Using any large amount you get, or even small amounts every month, can cut down your loan balance and save you a lot over the long run. Go to Wikipedia for further information.

Even if you don’t have a bonus or rebate, or have spent it, there are other ways to reduce your mortgage quickly. This can be achieved without impacting your everyday expenses to a large extent.

You can add a small amount every month to your monthly mortgage payment, which will be allocated to the interest of the loan, reducing the outstanding balance more quickly. Since interest piles up on interest in a mortgage, paying extra quickly reduces the total owed. This will bring the maturity date of the loan down more quickly.

Another way to reducing your home loan, and this does not involve sending any additional funds to your lender, is to pay it more often. The secret is to make an additional payment on your loan each month, by dividing your payments in half, paying one at the beginning of the month and the other towards the end of the month. The payments are the same every month, but the earlier payment will reduce your loan faster over the years. Check out mortgage broker in Calgary.

Friday, September 17, 2010

Calgary Mortgage Rate : How to Choose the Best Fixed Rate Mortgage.

An FRM is not complicated; it is a fixed rate, fixed term home loan. The longer the term, the lower the mortgage payments will be, but the negative side is that the borrower will be paying for a long time. For anyone concerned with lowering both their total payments and the amount of time they will be paying off their loan, a shorter term FRM is a good choice. More ideas and tips at flickr online.

The longer term FRMs are a lot more expensive over the course of the life of the loan. If you look at any of the tables on the internet, you can see that you will pay twice as much per month for an FRM with a term of ten years as for one with a maturity of forty years.

Another concern is that, now that the bank has a longer period of risk, it will charge a higher rate for this longer term loan. It's good to checkout calgary mortgage rate.

Fifteen and thirty year fixed rate home loans are the most popular, and for reasons cited above, the rates on fifteen year mortgages are usually less than for the longer mortgages. By these standards, it is no surprise that the 40 year term has the highest interest.

Most borrowers, therefore, find that the fifteen year term fixed rate mortgage carries the best combination of affordability and low interest rate.

A mortgage broker can calculate the monthly payment you will have on a fifteen year mortgage. Once you look at one maturity, and decide that the payments are not affordable, you can look at longer terms until you find the right balance.

If you do take a longer term FRM for its present affordability, you can always pay more down to reduce the principal. Many borrowers have no choice other than to take the mortgage they can afford now, and then pay down more when they can afford to. If you make additional payments on the loan, you are effectively lowering the maturity.

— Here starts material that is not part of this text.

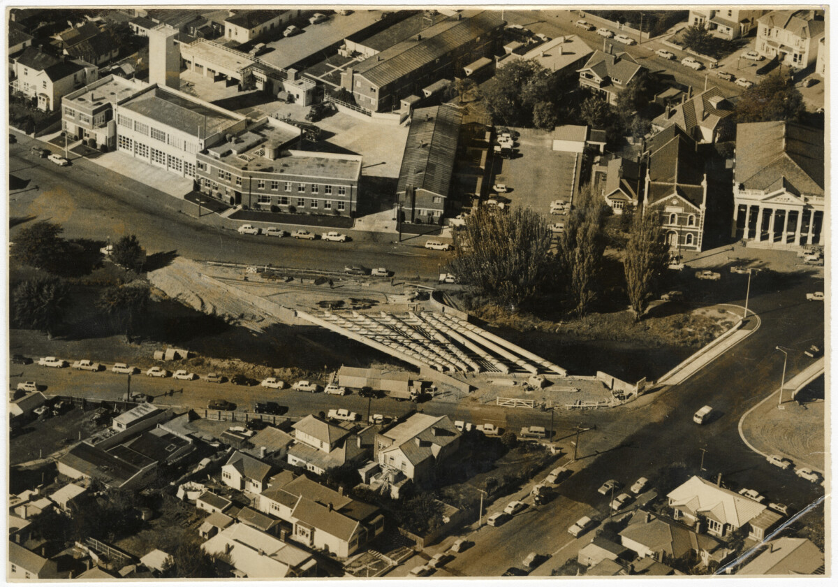 Aerial view of the construction of the Kilmore Street bridge over the Avon River at the intersection of Kilmore Street, Madras Street, Cambridge Terrace and Oxford Terrace.

A quick call to a mortgage broker, or a perusal of the internet will allow a potential borrower to ascertain the payments required on each term of a mortgage at given rates. A lot of borrowers find it easier to just have a mortgage consultant do all of this work for them.

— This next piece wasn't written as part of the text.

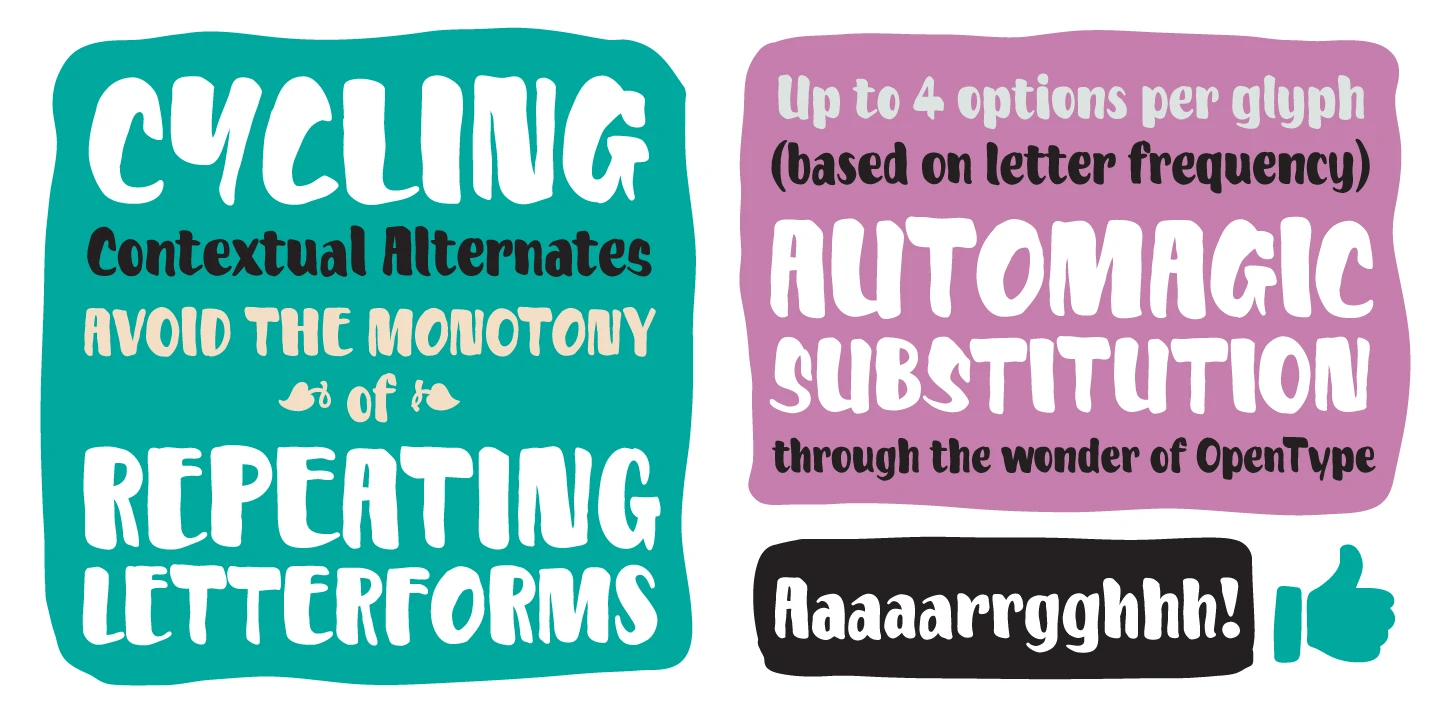 Kake is a typeface in the style of a hand-painted sign outside a temple in Ubud, Bali. The unique hand-made aesthetic can be increased using alternates to avoid the monotony of repeating letters. The attention to design details makes for type that looks like it isn’t type. Kake is full-on display typography. Food packaging, magazine headlines, and fitness gear! It’s legible for small blocks of copy, but don’t go setting essays in it. Unless you really want to… in which case, go for it.

In any case, the goal is to find the FRM that will yield you the monthly loan payment you can afford while keeping the term of the loan as low as possible. Ask more info through calgary mortgage broker.

Wednesday, August 11, 2010

An Overview of All the Home Loan Products That are Around - Edmonton Mortgage Brokers

It is Important to Understand All of the Types
Kinds of Mortgages to Choose Between Today. Everything gets ever more complex minute by minute, and the mortgage world is no different. No longer can we hope to just be offered a 30 year conventional fixed maturity mortgage as grandma and grandpa were. Meet to edmonton mortgage brokers now for more details.

“Progress” is the home loan market has meant that there is a great variety of the types of mortgages lenders are offering. We changed jobs often, and therefore need to relocate, and we also strive for bigger and better things, including your house, as we progress.

Financial innovators were not happy to merely introduce their complex products in the stock market and commodity market; they also had to include the housing market.

Here is a brief synopsis of the various types of home loans available to today’s homeowner.

Grandpa and Grandma were lucky.

Conventional loan: Any mortgage that is not secured by a government entity. Get some ideas about mortgage at craigslist.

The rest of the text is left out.